T7 Global (T7G MK) - Secures One of the Pan Malaysia Packages

Date: 
2024-11-06
Firm: 
PHILLIP CAPITAL
Stock: 
Price Target: 
0.68
Price Call: 
BUY
Last Price: 
0.51
Upside/Downside: 
+0.17 (33.33%)
  • T7 Global has secured Package B2 (Guntong) for the provision of MCM for ExxonMobil Exploration and Production Malaysia
     
  • The contract, valued at RM500m, has a tenure of 5+3+2 years, bringing the latest orderbook to an estimated RM3.1bn
     
  • Maintain BUY rating with SOP-derived target price of RM0.68

Secured MCM Job From ExxonMobil

T7 Global (T7) announced that it has been awarded one of the Maintenance, Construction, Modification (MCM), and Hook-Up Commissioning (HUC) services contracts for Package B2 (Guntong) by ExxonMobil Exploration and Production Malaysia (EMEPMI). The contract, effective 1 Dec 24, has a 5-year duration, with an extension option for an additional 3+2 years.

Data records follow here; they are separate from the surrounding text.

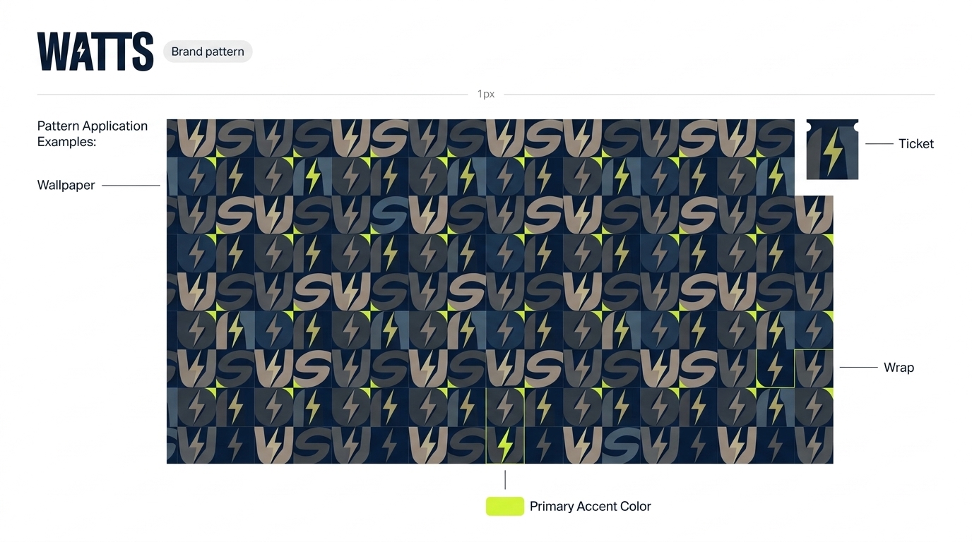 This image showcases the brand pattern for Watts, featuring a repeated design of lightning bolts and the text 'VS' on a dark background. It includes applications for tickets, wallpaper, and wraps, along with the primary accent color highlighted.
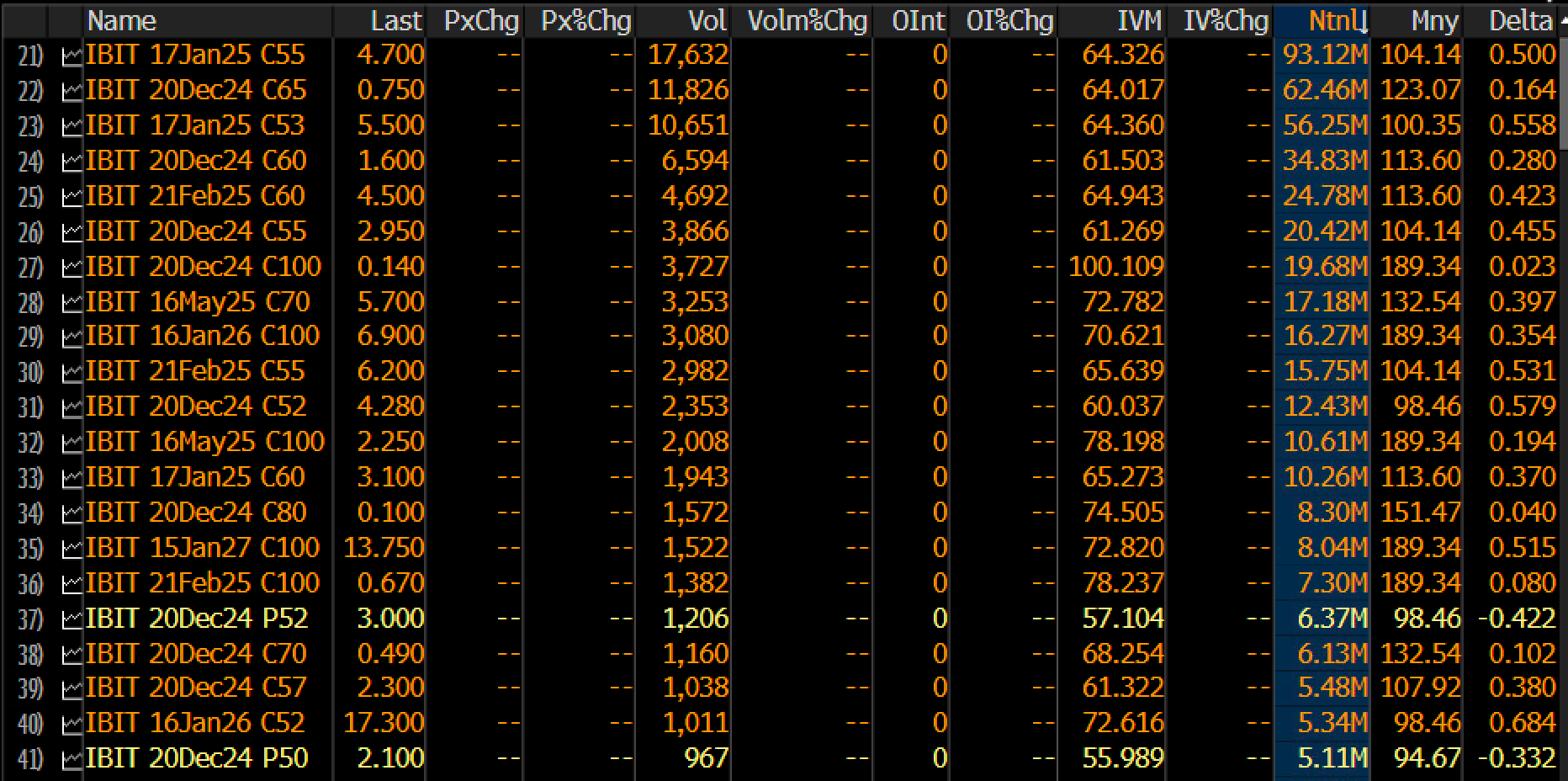 “Beberapa ratus juta sejauh ini dalam volume opsi pada IBIT (a ton for Day One). Termasuk peringkat kontrak berdasarkan volume, hampir semuanya adalah opsi beli. Sepertinya sangat bullish, terutama Desember 20 C100, yang pada dasarnya bertaruh harga BTC akan berlipat ganda dalam bulan depan,” ujar Balchunas.
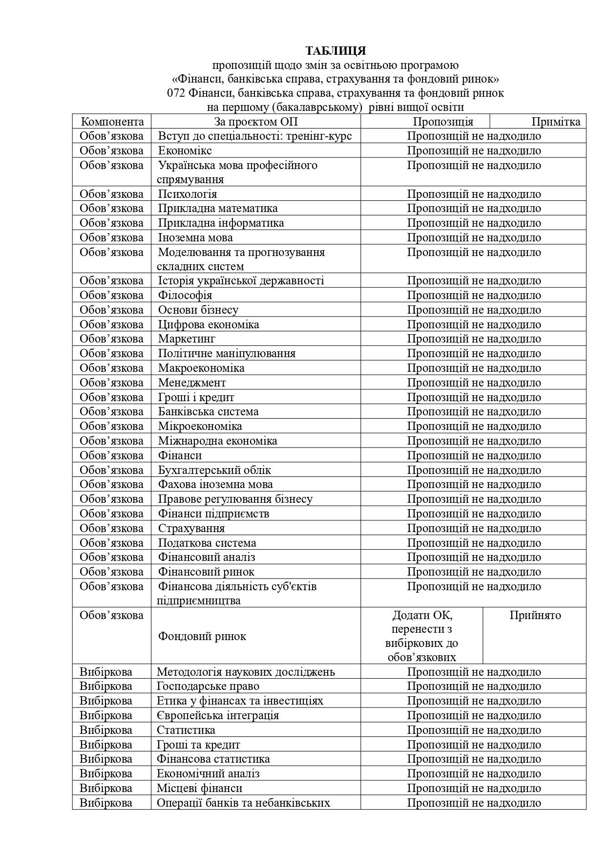 12 грудня 2023 року відбулись громадські обговорення змін до освітньо-професійної програми «Фінанси, банківська справа, страхування та фондовий ринок» за спеціальністю 072 Фінанси, банківська справа, страхування та фондовий ринок галузі знань 07 Управління та адміністрування на першому (бакалаврському) рівні вищої освіти.

Positive Contract Win With Better Margins

With overall MCM service rates increasing by c.20%, the net profit margin for this contract is expected to be higher than the previous MCM contract. Assuming a net profit margin of 9% (in line with management guidance), the estimated contract value of RM500m is projected to generate RM9m in PAT annually over 2025–29, representing 18% of our existing 2025E earnings forecast. With this contract win, T7’s total outstanding order book is estimated at RM3.1bn. We expect more positive contract award flow in the coming weeks, with only 4 of the 18 available HUC/MCM Pan Malaysia packages announced so far.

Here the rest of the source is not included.